**Work request:** Take the lines below from the one with "Several individuals gathered" through the one with "- Cooper Bussmann用于所有IEC應用的高性能防雷和浪涌保護產品" and print only them, exactly. Don't print the pictures.

**Data supplied:**
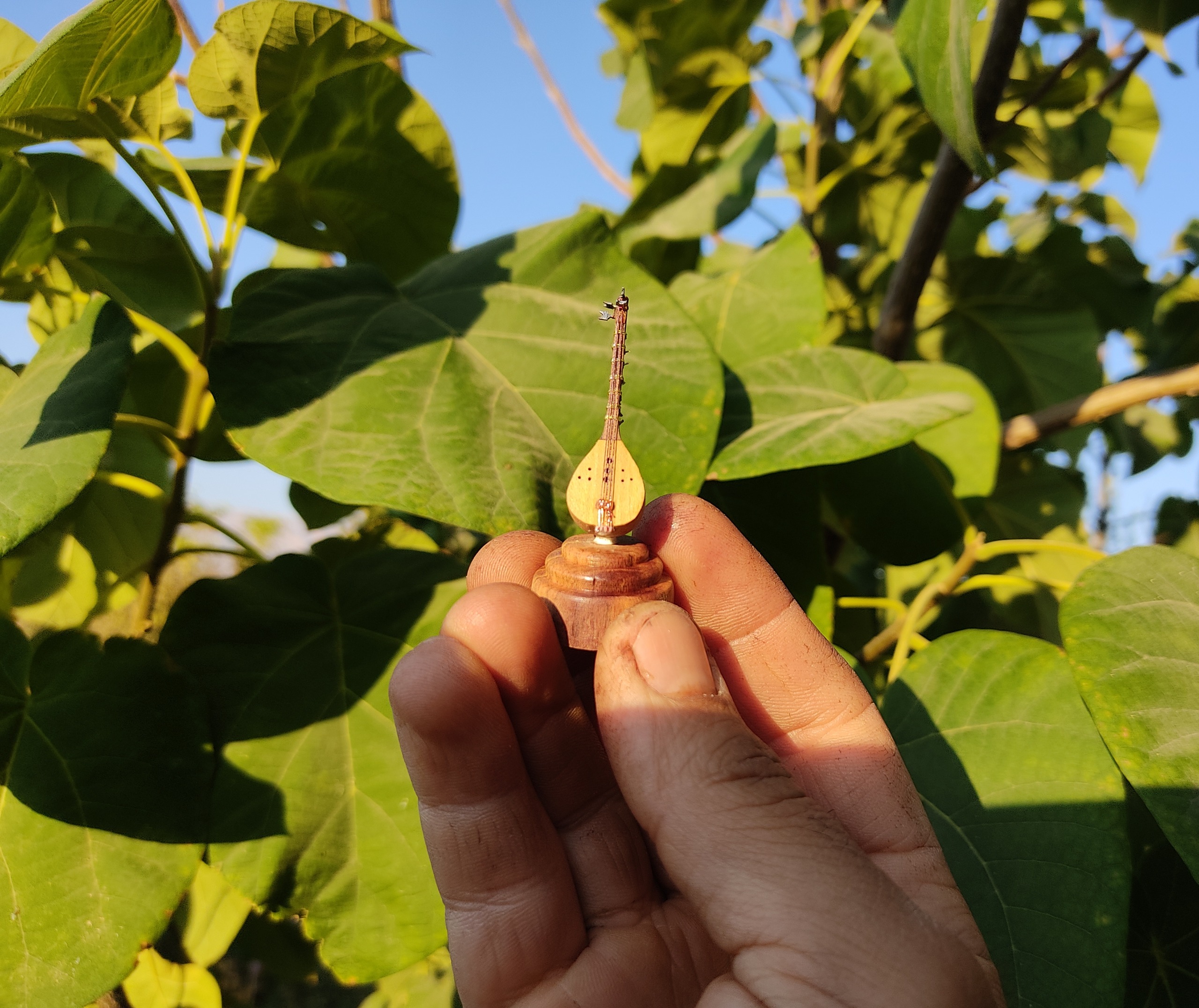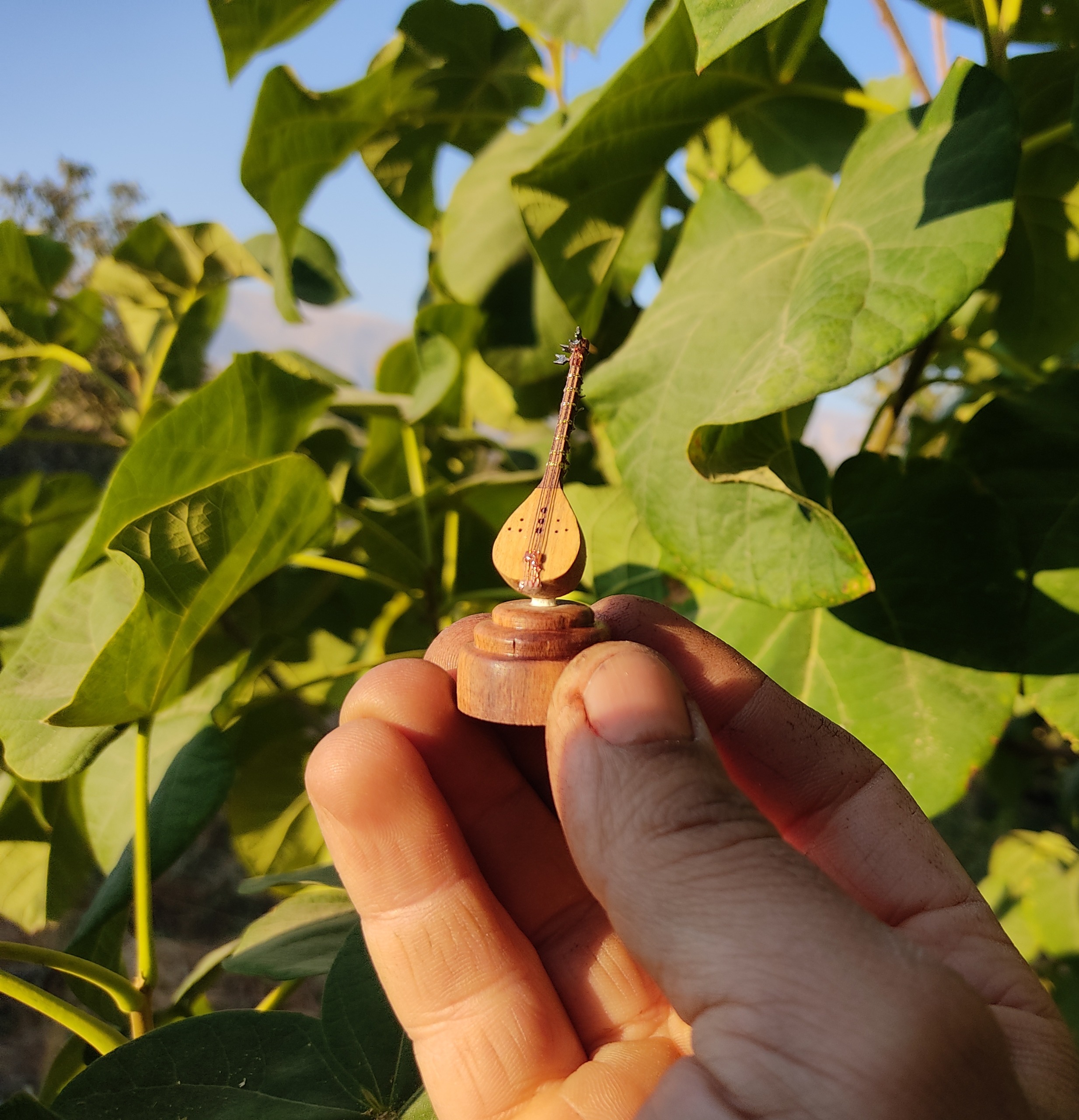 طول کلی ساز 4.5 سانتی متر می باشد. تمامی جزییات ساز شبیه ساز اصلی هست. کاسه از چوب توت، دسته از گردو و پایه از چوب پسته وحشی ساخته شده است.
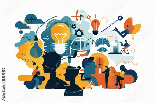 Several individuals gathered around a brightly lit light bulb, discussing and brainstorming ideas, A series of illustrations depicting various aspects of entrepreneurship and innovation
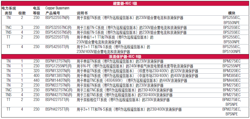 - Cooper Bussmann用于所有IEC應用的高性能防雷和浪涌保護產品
==
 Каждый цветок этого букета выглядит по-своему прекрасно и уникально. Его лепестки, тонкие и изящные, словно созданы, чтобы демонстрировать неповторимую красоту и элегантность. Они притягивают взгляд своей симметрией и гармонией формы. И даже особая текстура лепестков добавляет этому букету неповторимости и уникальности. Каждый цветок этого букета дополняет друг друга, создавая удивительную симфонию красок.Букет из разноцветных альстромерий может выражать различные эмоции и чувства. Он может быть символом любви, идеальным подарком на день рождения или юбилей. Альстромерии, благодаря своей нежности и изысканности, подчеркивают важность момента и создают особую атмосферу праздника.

**Exercise response:**
 Several individuals gathered around a brightly lit light bulb, discussing and brainstorming ideas, A series of illustrations depicting various aspects of entrepreneurship and innovation
 - Cooper Bussmann用于所有IEC應用的高性能防雷和浪涌保護產品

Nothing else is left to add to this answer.